Yes. He would do that.

He tried to imagine himself assisting Sargon over the wall. One could get on the top of the wall and reach down to his hands. A cripple could do it. The motor bicycle would have to be waiting up there in the lane. And then? Where would he take him?

This was a new consideration. For a time Bobby’s mind was appalled and paralyzed by the complexities of his enterprise. He had not thought of taking him anywhere in particular.

The days that intervened before visiting day seemed at once interminable and frightfully swift. He had been to Dymchurch in the summer with the Malmesburys, and liked the landlady of his lodgings very much; he wired to her “Can I come with a relation not ill but overworked for week or so you will remember me last summer Roothing the Feathers Cummerdown” and had got a reply, “Glad to see you any time.” So that was all right. But the rest of the plan failed very largely to materialize. He made his nocturnal visit to the asylum grounds without misadventure.
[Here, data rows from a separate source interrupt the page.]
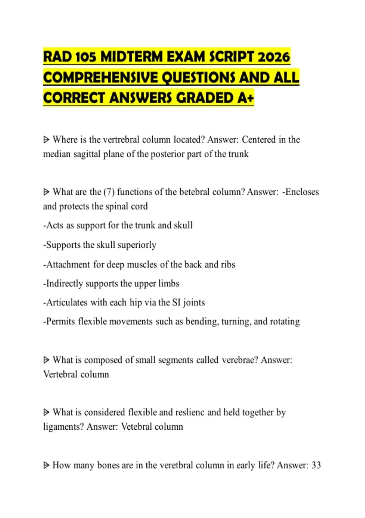RAD 105 MIDTERM EXAM SCRIPT 2026 COMPREHENSIVE QUESTIONS AND ALL CORRECT ANSWERS GRADED A+
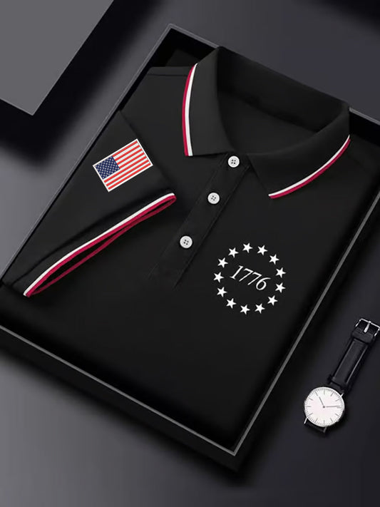 Men's Independence Day USA Flag 1776 Print Casual Top
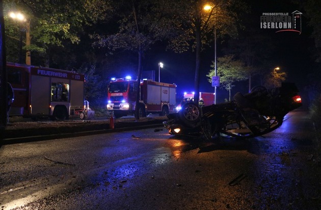 Um 22:35 Uhr wurde der Einsatzzentrale der Berufsfeuerwehr Iserlohn ein Verkehrsunfall auf der Dortmunder Straße in Fahrtrichtung Schwerte, zwischen der Karl Arnold Straße und der Friedhofstraße, gemeldet. Aus ungeklärter Ursache überschlug sich ein BMW und blieb auf dem Dach liegen. Die beiden Insassen konnten von Passanten vor Eintreffen der Feuerwehr aus dem Fahrzeug befreit werden. Beide Personen wurden mit schweren Verletzungen vom Rettungsdienst in Iserlohner Krankenhäuser transportiert. Da die Fahrbahnen der Dortmunder Straße in beiden Fahrtrichtungen von Trümmerteilen und Betriebsstoffen verunreinigt waren, wurden zwei Spezialunternehmen zur Reinigung der Fahrbahnen verständigt. Die Beamten der Berufsfeuerwehr unterstützten den Rettungsdienst, sicherten den Brandschutz und leuchteten die Einsatzstelle für die Unfallaufnahme der Polizei aus. Die Dortmunder Straße war in diesem Abschnitt für rund zwei Stunden voll gesperrt.
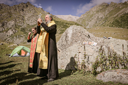 10 августа ранним утром все участники восхождения собрались в Свято-Воскресенском кафедральном соборе г. Бишкека, где был отслужен молебен перед началом доброго дела. Затем добрались до альплагеря, расположенного в государственном природном парке «Ала-Арча». От альплагеря предстоял путь до нижнего базового лагеря, расположенного в ущелье Адыгене. По пути следования на мемориальном комплексе альпинистов была совершена лития об усопших альпинистах и всех вождях и воинах за веру и отечество жизнь свою положивших.
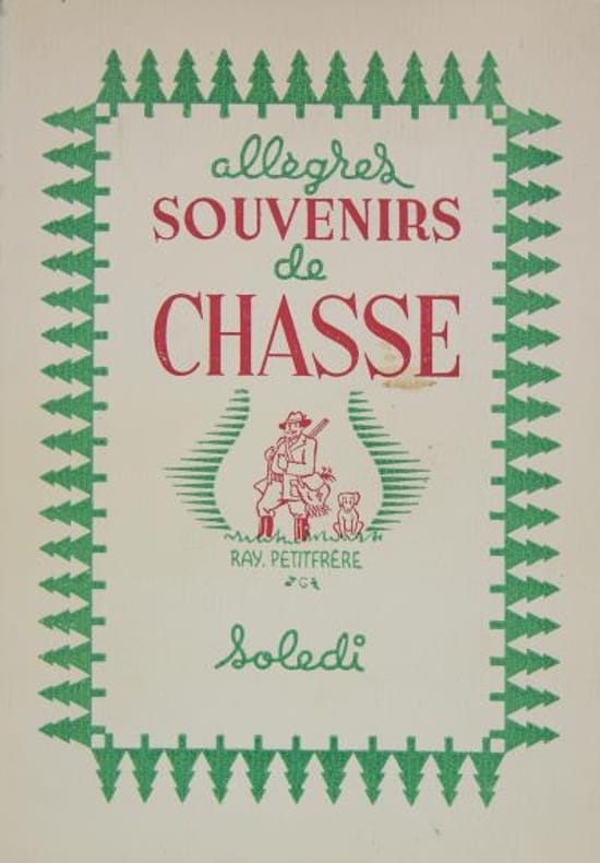Ou badines historiettes destinées au sain divertissement de ceux qui, étant chasseurs, ne se laissent à juste titre endolorir par aucune affliction... et de ceux qui, ne l'étant pas, se sentent, avec raison, lamentablement éplorés... Avec 9 planches dessinées par l'auteur. Liège. Soledi. 1946. In-8 (153 x 217mm) broché, couverture imprimée et illustrée en rouge et en vert, 190, (1) pages. Bon exemplaire.
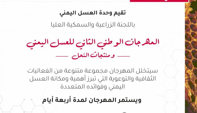 تستعد وحدة العسل اليمني في اللجنة الزراعية والسمكية العليا ووزارة الزراعة والري، لإقامة المهرجان الوطني الثاني للعسل اليمني ومنتجات النحل، مطلع أغسطس المقبل في حديقة السبعين بأمانة العاصمة.
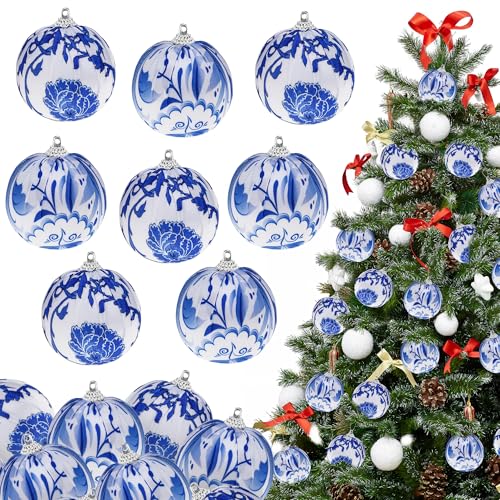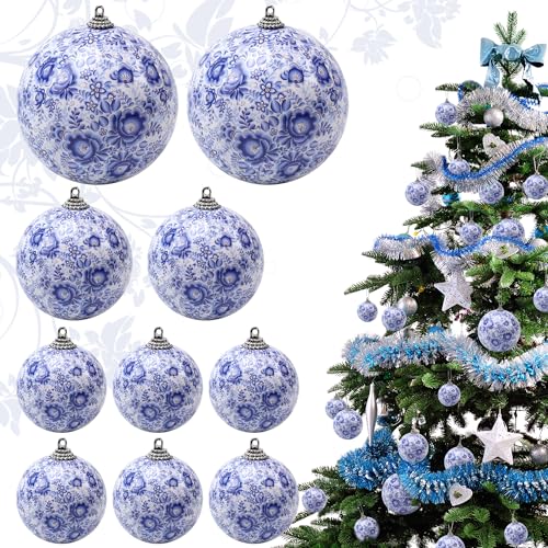 Yatinkim 10 Pcs Blue and White Christmas Baubles Chinoiserie Blue Christmas Decorations Baubles Assorted Bauble Handmade Fabric Hanging Balls for Xams Tree decoration Wreath Home Party
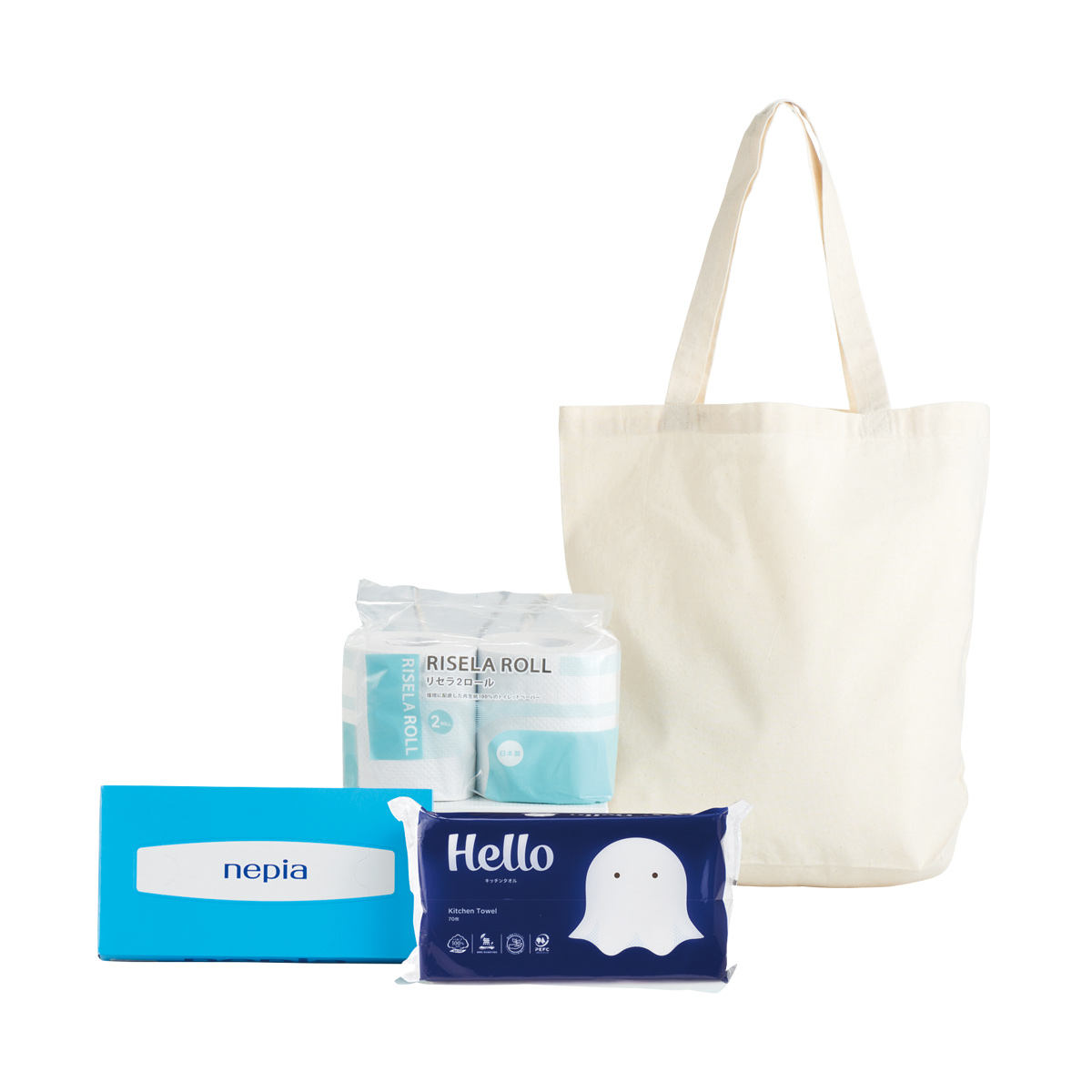 備考:セット内容/コットントートバッグ・リセラトイレット2ロール・ネピアBOXティッシュ150W・ハローキッチンペーパー70枚入

The morning of visiting day found him with half a dozen plans, and they all had gaps and none seemed much better or worse than the others. And he had walked round the asylum grounds at various discreet distances, by night and day just twenty-three times, not counting loops, returns and visits to particular points of interest. Fortunately asylums are much preoccupied with their internal affairs, and do not keep look-out men upon the battlements. They do not reckon with rescuers from outside.

Bobby made his final decision among these conflicting projects over his breakfast bacon. With a resolute sang-froid and his nerves all a-tingle, he set out for the asylum to see Sargon and begin the work of rescue as he had thought it out. First he had to find out what freedom of movement was permitted Sargon, when it might be possible for him to get away to the corner by the culvert, and he had to arrange a time for that meeting. Then he would have to provide also for alternative times if Sargon failed to keep his first appointment. Bobby would be waiting under the wall and the motor bicycle and side-car would be hidden among the bushes up by the road. In a trice Sargon would be over the wall. After that they could laugh at pursuit. Off they would go to Dymchurch, and there, safe and untrackable, Sargon would keep indoors until the fifteen days needed to make him legally a sane man again had passed. And then Bobby could find out those relations of his and talk the matter over with them, and get things on a proper footing. So Bobby planned it out.

Just at the lodge gates he decided upon an assumed name. He wasn’t quite clear why he didn’t give his own name, but an assumed name seemed to him to be more in the spirit of the adventure.

§ 3

When Sargon was informed that he was to be visited by Mr. Robin Goodchild he was in a depressed mood. He betrayed no surprise at the name. It seemed to him to be as good as any other name. It might be the name of some intelligent inquirer or possibly even some precursor of the release he still hoped for. His spirits rose. He submitted cheerfully to a searching examination of his personal tidiness, and he nodded acquiescently to a warning not to talk about “every blessed thing” he’d seen.

His spirits rose still more when he saw the dark kindliness of Bobby’s face. It was the one disciple who had ever seemed to believe. He held out both his hands in a little storm of emotion. Whatever sort of muddler Bobby might be to himself, to Sargon in that moment at least he was strength and hope.